9. An intent recognition device, characterized in that, include: The data acquisition module is used to acquire the user data to be identified for the target user. The first identification module is used to perform intent identification based on the user data to be identified and the preset first intent identification auxiliary information to obtain an initial intent identification result set. The second identification module is used to update the first intention identification auxiliary information based on historical scene data of the intention identification scenario to obtain the second intention identification auxiliary information when the initial intention identification result set satisfies the first condition, and to perform intention identification based on the second intention identification auxiliary information and the user data to be identified to obtain the first final intention identification result. The first condition includes at least the following: the discriminant difference between any two different initial recognition results in the initial intent recognition result set is greater than a preset discriminant difference threshold.

10. A non-transitory computer-readable storage medium having a computer program stored thereon, characterized in that, When the computer program is executed by a processor, it implements the method described in any one of claims 1-8.

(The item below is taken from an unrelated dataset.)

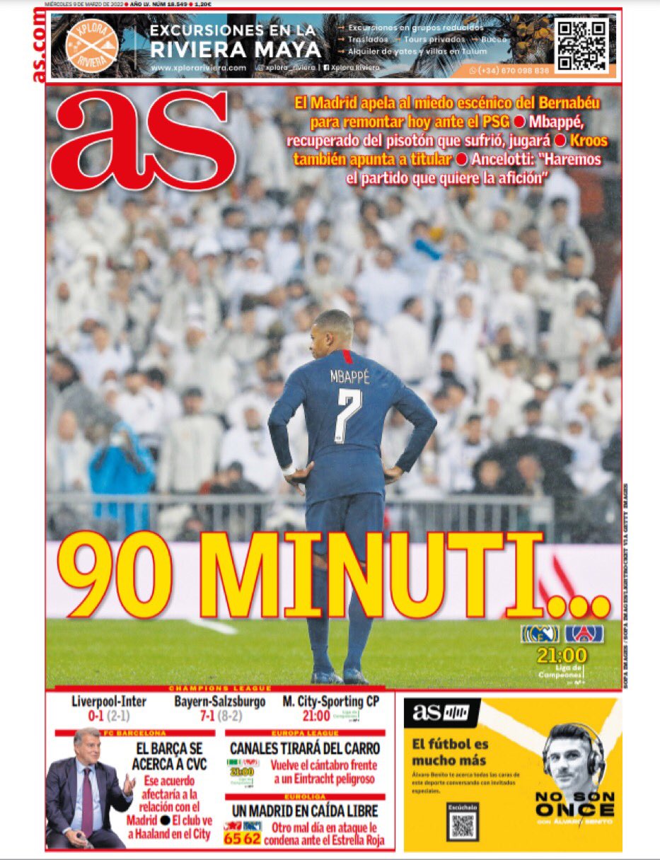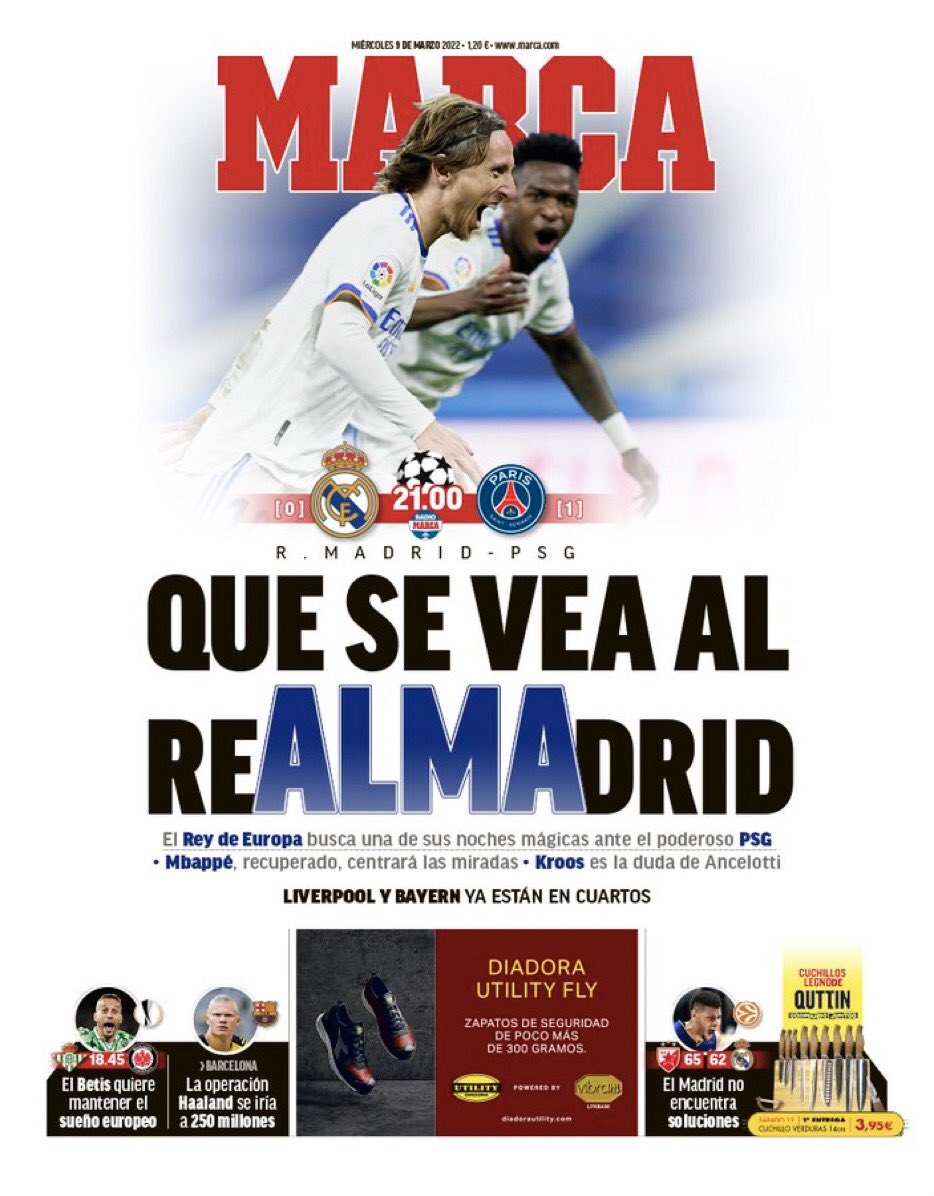 marchio Giocando con le lettere Cosa succede a RealMAdrid?. questo significa “Ricordiamo che è il Real Madrid”, ma “alma” significa anche “anima”. La rivista continua: “I re d’Europa hanno bisogno di una delle loro serate magiche contro il grande Paris Saint-Germain”. o come titolo all’interno del giornale, “Re dello stato”. Toni Kroos, da tempo un punto interrogativo, dovrebbe partire. Diario S Sta cercando di essere suggestivo ed è solo in campo e per il titolo “90 minuti…”. Il giornale aggiunge “Il Real Madrid spera di affrontare il Bernabeu bollente per affrontare il Paris Saint-Germain”.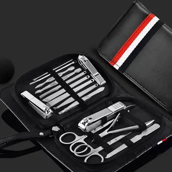 16 Piece Stainless Steel Nail Clipper Set Nail Scissors Beauty Nail Pedicure Tool Manicure Sickle Pusher Nail Care with Case

11. A computer program product comprising computer instructions, characterized in that, When the computer instructions are executed by the processor, they implement the method described in any one of claims 1-8.

12. A computer device, characterized in that, The method includes a processor, a memory, and a computer program stored in the memory and configured to be executed by the processor, wherein the processor, when executing the computer program, implements the method of any one of claims 1-8.